In addition, respondents had the opportunity to name other types of studies that should or should not be registered. We received 95 responses. After clustering by inductive category formation [16], we found that most responses referred to the distinction between confirmatory and exploratory studies (n = 18). The second most frequent responses named species already covered by our survey, additional species or stated that all animal research should be registered (each n = 9). Six respondents asked for registration of studies for regulatory approval. Among other suggestions were further study types and research areas, such as infection studies, in silico studies, ex vivo and in vitro research and systematic reviews.

Mitigation of potential weaknesses of animal study registries.
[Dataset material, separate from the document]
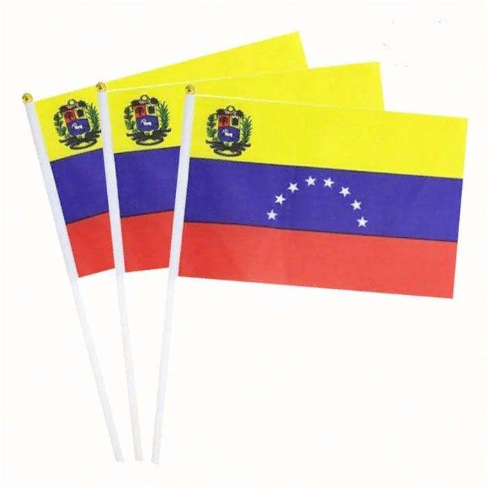 Banderas Pequeñas de Poliéster al por Mayor, Banderas Personalizadas de Venezuela, Banderas Internacionales con Palitos para Agitar con la Mano, para Decoración de Fiestas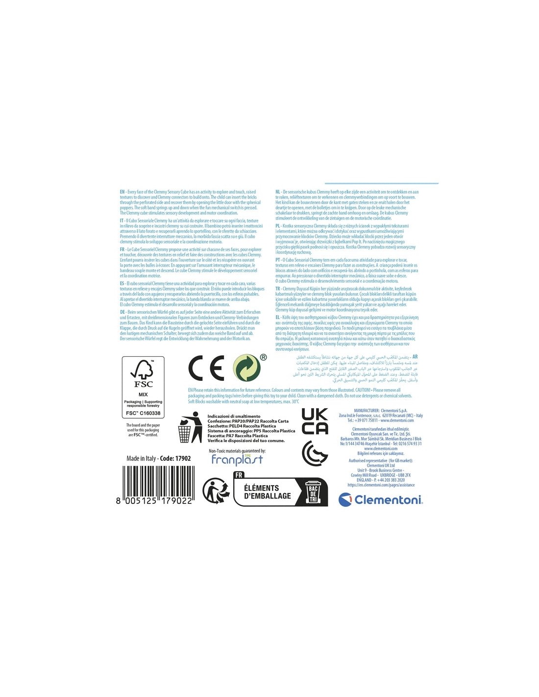 Clementoni Sensory Activity Cube. Età consigliata (min): 0,5 anno/i, Età consigliata (max): 3 anno/i, Numero minimo di giocatori: 1, Colore del prodotto: Multicolore

Certain ASR characteristics can also help to mitigate the potential weaknesses of ASRs. One safeguard to address “theft of ideas” as a potential weakness of prospective study registration is to delay public access to registered protocols (e.g., via embargos). Our survey asked about preferences regarding this safeguard and the most appropriate time point for full public access. We distinguished three alternative time points: i) immediate, ii) 1–3 years or more after registration, and iii) only after “consent” by the PI. We also allowed respondents to indicate “other options”. Overall, for each of the three samples, we found substantial percentages (20% or more) for all three alternative time points, and 14% of all respondents indicated other options (Table 8). The overall most preferred alternative in the random and journal sample was “only after consent by the principal investigator” (36% and 32%). The CAMARADES sample most often (37%) preferred “immediately after registration (as is currently the case for clinical trial registries)”. Chi-square tests showed dependence only on the survey sample, not on any of the tested socio-demographic factors (see Table H in S4 File). Among the suggestions for other options were “after publication” (n = 8), “never”, “immediately after study conclusion”, “depends on the amount of information in the registry”, “combined options, e.g., "consent or 1 year after completion, whichever comes first" (each n = 5), and “after patent filing” (n = 4).

Raw survey data are available in S1 Table.
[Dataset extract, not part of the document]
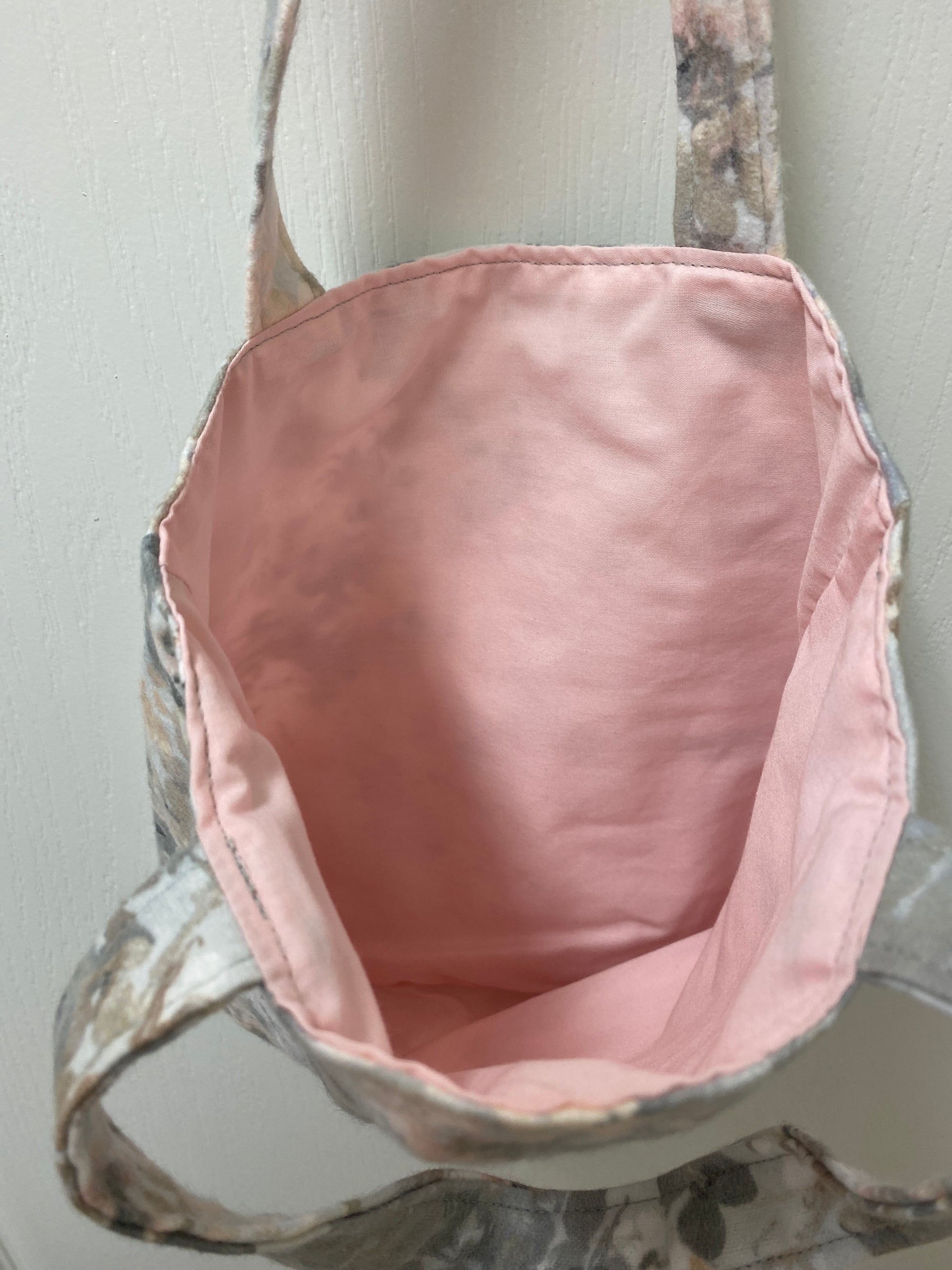 Handmade Flannel Lined Child Allover Floral Reversible Tote Bag Pink Lining

In this survey, we obtained responses from 413 animal researchers (response rate 7%) on their attitudes and preferences regarding the controversially discussed topic of animal study registries (ASR). We sampled survey respondents from three different sources (high Eigenfactor journals, random PubMed sample, CAMARADES sample). In the following, we discuss six core findings.

First, in comparison with the only other survey that we are aware of, our survey of an international sample of animal researchers found lower estimates for how often animal experiments do not get published (50% vs. 34%, respectively) [9]. The former survey was distributed among Dutch laboratory animal researchers in 2011 [9]. We expect to obtain a more valid measure of the extent of non-publication through our currently ongoing follow-up of a random and stratified sample of all completed animal studies at two large German university medical centers (

Second, across all three samples and across all demographic particularities, we found a general agreement that ASRs bear nine potential strengths and three potential weaknesses for future animal research (see Table 3, Tables A-F in S4 File). The survey thus provided a quantitative confirmation of results gathered in prior qualitative interview research with different animal-research stakeholder groups [6]. For a more detailed discussion we refer to this results publication where we focussed on the different strengths, weaknesses, barriers and opportunities ofs ASRs.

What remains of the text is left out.